Mylan pushed for law to make EpiPens mandatory in US schools — then fled overseas to avoid taxes

Mylan CEO Heather Bresch (Fortune Live Media/Flickr)

Mylan CEO Heather Bresch (Fortune Live Media/Flickr)

EpiPen is the brand name of an device that makes it easy to inject a pre-measured dose of epinephrine (adrenaline), most often for the treatment of anaphylaxis.

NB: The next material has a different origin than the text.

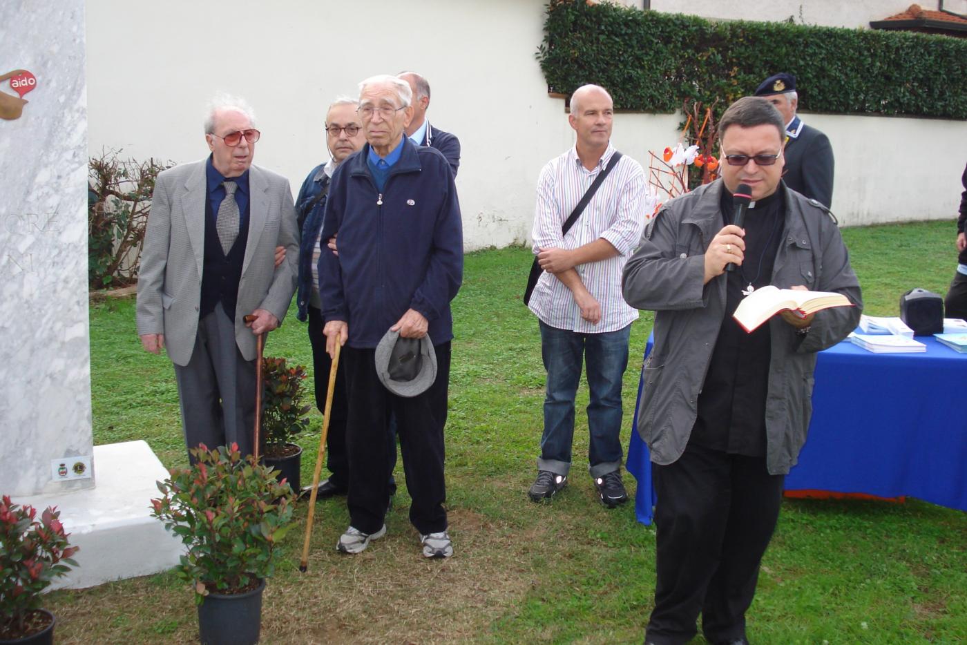 Il Maestro Omar Salvagno ringrazia la Sig.ra Maria Pia Paradisi, promotrice dell' evento, i Sig.ri Soci AIDO Luciano Tassara, Saverio Barbato, Adriano Iacopetti e Marco Salvetti, il Presidente AIDO Sig. Alberto Indelitali, il Rag. Enrico Cruciani, gli artigiani ed i titolari delle aziende impegnati nella realizzazione di questa gioiosa opera.

  1. Mylan, the manufacturer of the EpiPen, spent $4 million lobbying Congress to pass the 2013 School Access to Emergency Epinephrine Act
  2. The Act offers incentives to schools to stock the potentially life-saving EpiPen
  3. After the law was passed, 11 states mandated that their schools stock EpiPens
  4. Your tax dollars help pay for many of the EpiPens — through incentives (see #2, above), mandates (see #3, above), purchases by the Veterans Administration, reimbursements by Medicare, Medicaid and the Children’s Health Insurance Program, as well as reimbursements by the health plans of state and local governments
  5. Having established a healthy demand for their product, Mylan did a “corporate inversion” in 2015, that converted them from a US company into a Dutch company, so they no longer pay any US taxes
  6. Not content with screwing us on taxes, Mylan jacked up the price of the EpiPen from $104 (2009) to $609 (2016)

But it’s not all bad news, Heather Bresch, the Mylan CEO has at least been compensated for her hard work on behalf of the company’s customers: her salary has gone from $4.9 million (2009) to $13.1 million (2015 — most recent year for which figures are available).